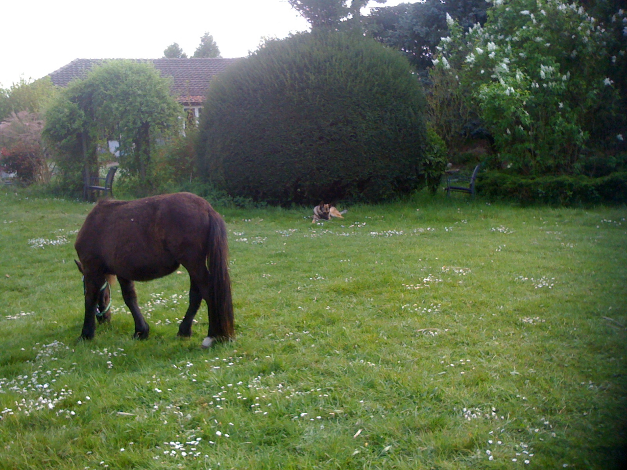 | Dire merci | Des problèmes dus à la crise se sont insérés inopinément dans ma vie, je vais être obligée de me séparer de mon pottok. Pensez-vous que 200 Euros soient raisonnables ? Il était sauvage, 18 mois, tout juste sortis des montagnes, qui n'avais jamais côtoyé l'homme. En deux mois, il est devenu aussi docile qu'un chien, ne mord pas, ne tape pas, suit quand on l'appelle, se laisse prendre les pieds, obéit aux ordres, sort en main (licol) dans les rues du quartier, ne craint pas les camions, les scooters. Dommage, je voulais le garder pensant l'utiliser pour porter le bât et traverser les villages pour me rendre du côté de mon fils (Nantes). Pensez-vous que quelqu'un dans l'Aube pourrait en prendre soin ? Merci pour vos conseils. I |
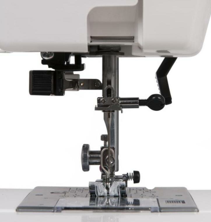| Плюсы: | Шьёт всё, от туристской снаряги до кукольных платьиц. Сама исправляет огрехи вроде неровной подачи ткани, неудачного подбора иголки или неуверенной работы педалью. Отстутствуют выступающие мелкие хрупкие части, даже при работе вся верхняя нить, включая катушку, полнотью закрыта крышкой (да и при хранении без чехла не пылится). |
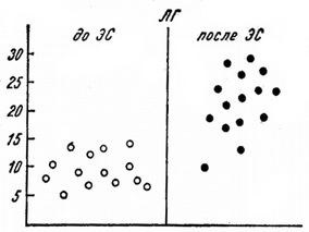 Рис. 35. Кількість ЛГ до і після електростимуляції шийки матки (в інтерн, од.).
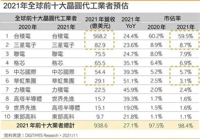 2021年全球前十大晶圆代工厂预估(图源:DIGITIMES Research)
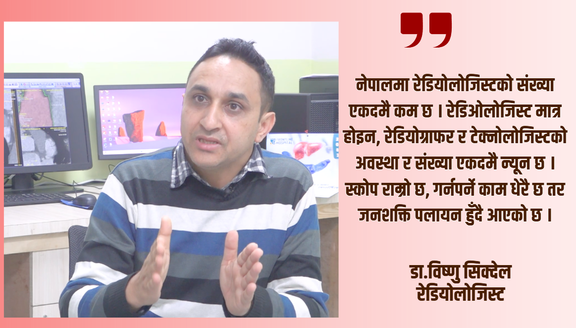अहिले नेपालमा रेडियोलोजिस्टको संख्या तीनदेखि पाँच सयको हाराहारीमा होला । रेडियोलोजिस्टहरू एकदमै कम छन् । रेडिओलोजिस्ट मात्र होइन, रेडियोग्राफरहरूको पनि संख्या कम छ । स्कोप राम्रो भएपनि जनशक्ति कम छ । तर फिल्डबाट जनशक्ति पलायन हुने अवस्था देखिएको छ । पारिश्रमिक न्यून भएका कारण जनशक्ति टिक्न सकिरहेको छैन् । यसको मुख्य कारण भनेको पारिश्रमिक नै हो । उहाँहरूले यहाँ कमाएको भन्दा बाहिर धेरै कमाउनुहुन्छ । त्यति नै मेहेनत गरेर यहाँ किन बस्ने भन्ने हुन्छ । त्यही भएर पनि प्राय बाहिर पलायन भएको अवस्था छ ।
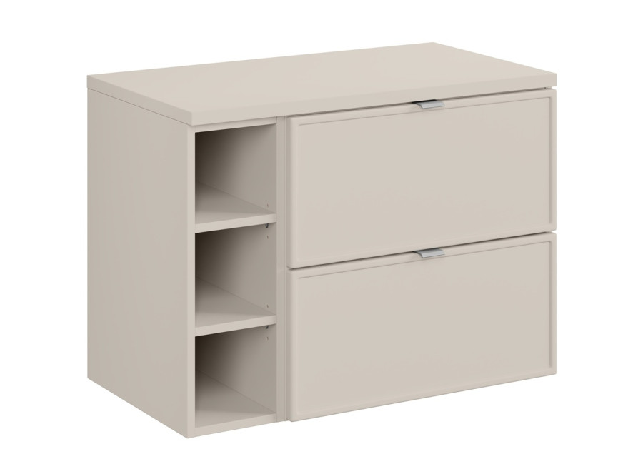 Závesná konštrukcia skrinky nielen uľahčuje čistenie podlahy, ale aj prispieva k pocitu väčšej priestornosti. Dve zásuvky sú vybavené mechanizmom tichého zatvárania a zaručujú komfort pri každodennom používaní. Horná zásuvka je ideálna na uskladnenie menších kúpeľňových potrieb, zatiaľ čo spodná poslúži na väčšie predmety, ako sú uteráky a čistiace prostriedky. Odporúčame zakúpiť plochý sifón, aby ste plne využili úložný priestor hornej zásuvky. Ku skrinke je potrebné zakúpiť vrchné umývadlo.
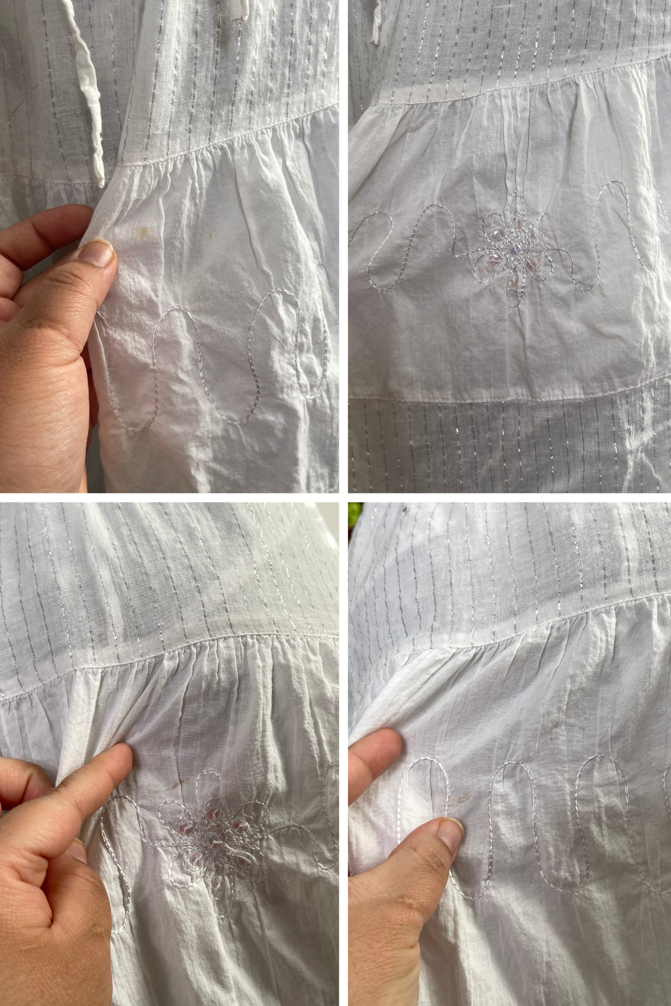 • Light weight, thin / sorta sheer fabric, the waist is stretchy. The skirt is in preloved worn condition, it has scuffs, snags and several dark stains, 2 small ones on the front and bigger ones on the back. I was unable to remove the stains.
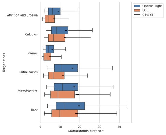 where denotes the data matrix for samples of class , and denotes a feature vector of -th sample of class . The feature space has dimensions in the case of the CNN-based classification from a patch image with three channels of RGB. The comparison of the Mahalanobis distances between the proposed CNN-based method and the D65 without optimization is shown in Figure 14. The distances are more significant for the result of the optimal lights with the CNN-based method than the D65.
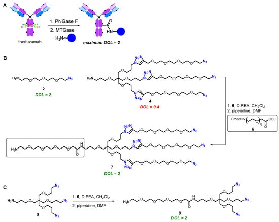 General scheme of MTGase-mediated conjugation (A); Synthesis of amino-PEG4-triazide linkers 7 (B) and 9 (C). DOL—degree of labeling.
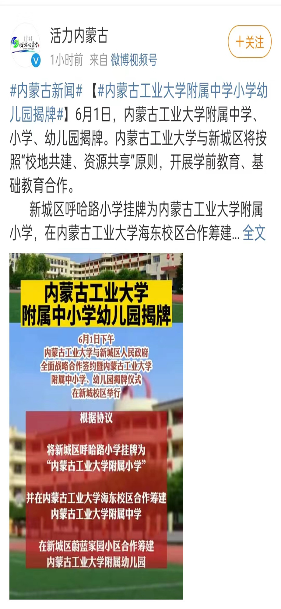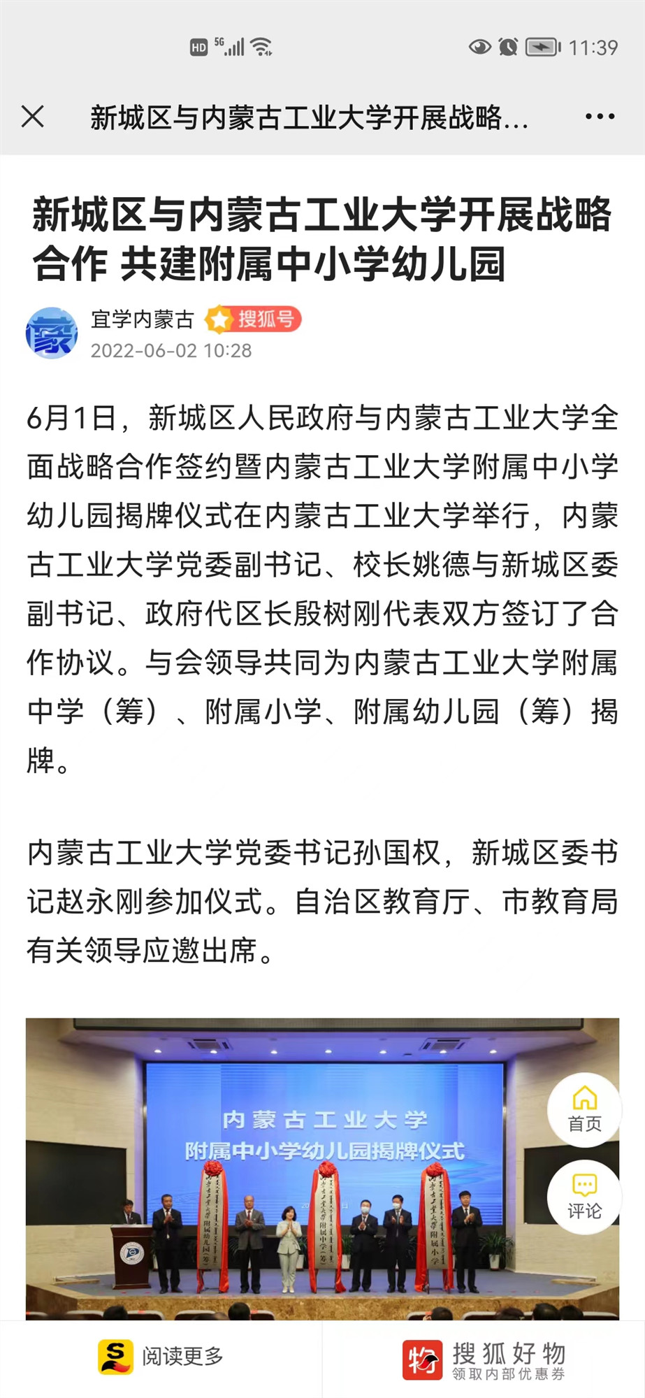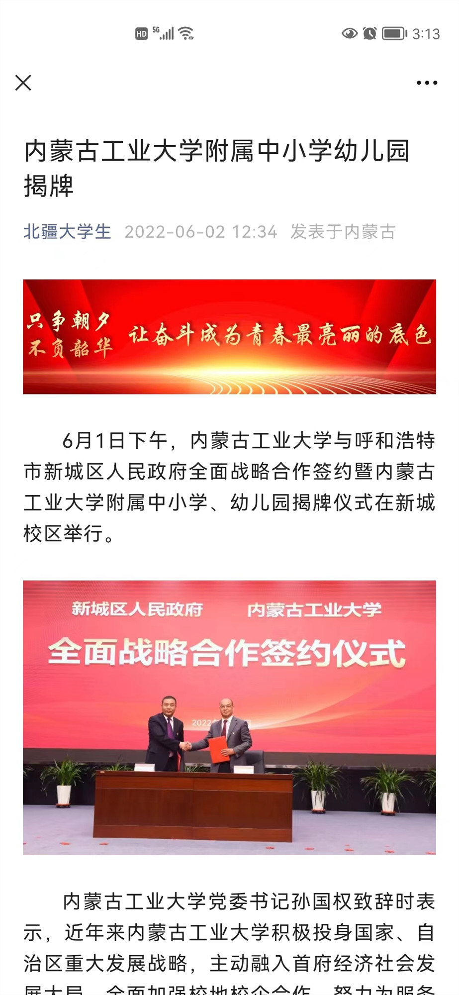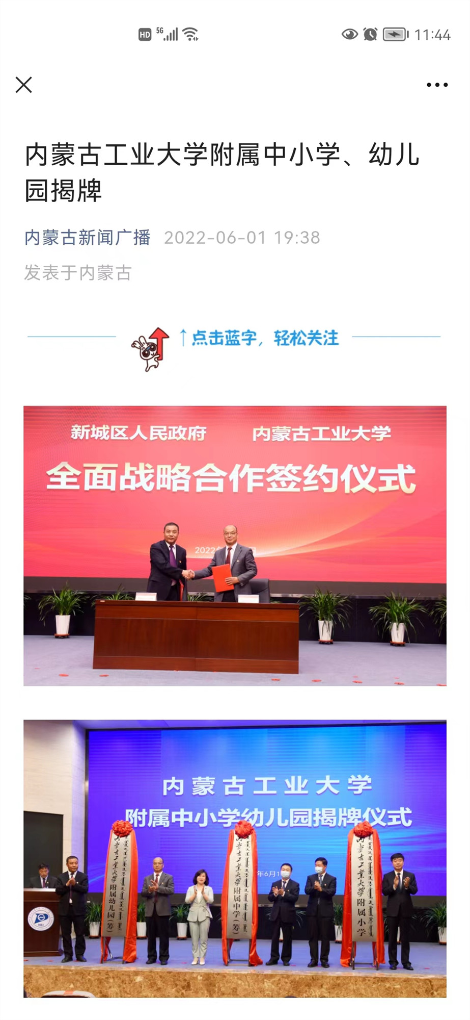 多家知名新闻媒体广泛关注报道我校与新城区人民政府举行全面战略合作签约暨内蒙古工业大学附属中小学幼儿园揭牌仪式

**WHAT YOU HAVE TO DO**
Copy exactly the lines that run from the one containing "remove the stains." to the last line of the records, both included, and leave out every picture.

**RESPONSE TO THIS EXERCISE**
 • Light weight, thin / sorta sheer fabric, the waist is stretchy. The skirt is in preloved worn condition, it has scuffs, snags and several dark stains, 2 small ones on the front and bigger ones on the back. I was unable to remove the stains.
 where denotes the data matrix for samples of class , and denotes a feature vector of -th sample of class . The feature space has dimensions in the case of the CNN-based classification from a patch image with three channels of RGB. The comparison of the Mahalanobis distances between the proposed CNN-based method and the D65 without optimization is shown in Figure 14. The distances are more significant for the result of the optimal lights with the CNN-based method than the D65.
 General scheme of MTGase-mediated conjugation (A); Synthesis of amino-PEG4-triazide linkers 7 (B) and 9 (C). DOL—degree of labeling.
 多家知名新闻媒体广泛关注报道我校与新城区人民政府举行全面战略合作签约暨内蒙古工业大学附属中小学幼儿园揭牌仪式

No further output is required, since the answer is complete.